▸ Problem to work on:
The expected output is the full set of entries, retyped verbatim, pictures excluded.

Dataset items:
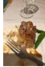
サラダ OR スープ
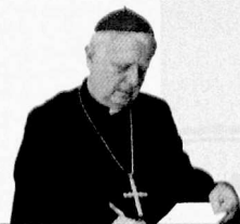
Abp Stanisław Wielgus

Urodził się 23 kwietnia 1939 r. w Wierchowiskach (obecna diecezja sandomierska). Arcybiskup senior warszawski. Profesor zwyczajny filozofii, dr hab. teologii. Był rektorem Katolickiego Uniwersytetu Lubelskiego (1989 – 1998) i biskupem plockim (1999 – 2007). Mediewista, specjalista w dziedzinie filozofii średniowiecznej. Członek 10 polskich i zagranicznych towarzystw naukowych. Od 2004 r. konsultor watykańskiej Kongregacji Wychowania Katolickiego.
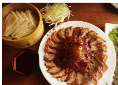
百年老店【 原味齋烤鴨 】

始於乾隆年代，以果木烤鴨子著名，廚子以熟練的手法，將剛出爐帶有果木的烤鴨，切出一片片皮肉，用粉餅包裹來吃，入口肥而不膩，香酥美味。
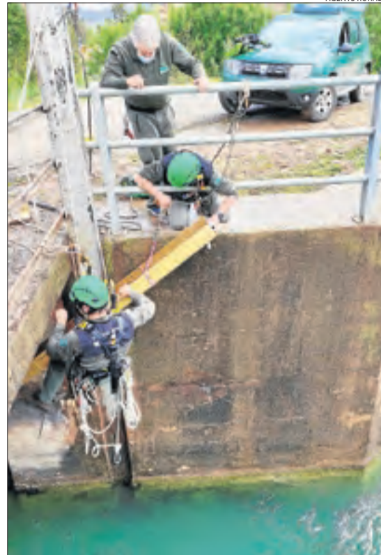
Rurals col·locant una rampa al Jussà.

tació d'aigua del Segarra-Garrigues. D'altra banda, els Agents Rurals han instal·lat al costat de l'elèctrica Enel dos rampes al canal de Gavet de la Conca, on havien arribat a rescatar uns 230 animals protegits a l'any entre serps, granotes, gripaus i llangardaixos.
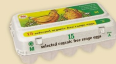
Plus Pack™ E5915 - na 1 x 15 jaj
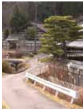
今も残る中馬街道の風景

6月中旬から下旬に は、町内各地でホテル が乱舞する幻想的な光 景が見られます。ぜひ お出掛けください。

▸ Finished task:
サラダ OR スープ
Abp Stanisław Wielgus

Urodził się 23 kwietnia 1939 r. w Wierchowiskach (obecna diecezja sandomierska). Arcybiskup senior warszawski. Profesor zwyczajny filozofii, dr hab. teologii. Był rektorem Katolickiego Uniwersytetu Lubelskiego (1989 – 1998) i biskupem plockim (1999 – 2007). Mediewista, specjalista w dziedzinie filozofii średniowiecznej. Członek 10 polskich i zagranicznych towarzystw naukowych. Od 2004 r. konsultor watykańskiej Kongregacji Wychowania Katolickiego.
百年老店【 原味齋烤鴨 】

始於乾隆年代，以果木烤鴨子著名，廚子以熟練的手法，將剛出爐帶有果木的烤鴨，切出一片片皮肉，用粉餅包裹來吃，入口肥而不膩，香酥美味。
Rurals col·locant una rampa al Jussà.

tació d'aigua del Segarra-Garrigues. D'altra banda, els Agents Rurals han instal·lat al costat de l'elèctrica Enel dos rampes al canal de Gavet de la Conca, on havien arribat a rescatar uns 230 animals protegits a l'any entre serps, granotes, gripaus i llangardaixos.
Plus Pack™ E5915 - na 1 x 15 jaj
今も残る中馬街道の風景

6月中旬から下旬に は、町内各地でホテル が乱舞する幻想的な光 景が見られます。ぜひ お出掛けください。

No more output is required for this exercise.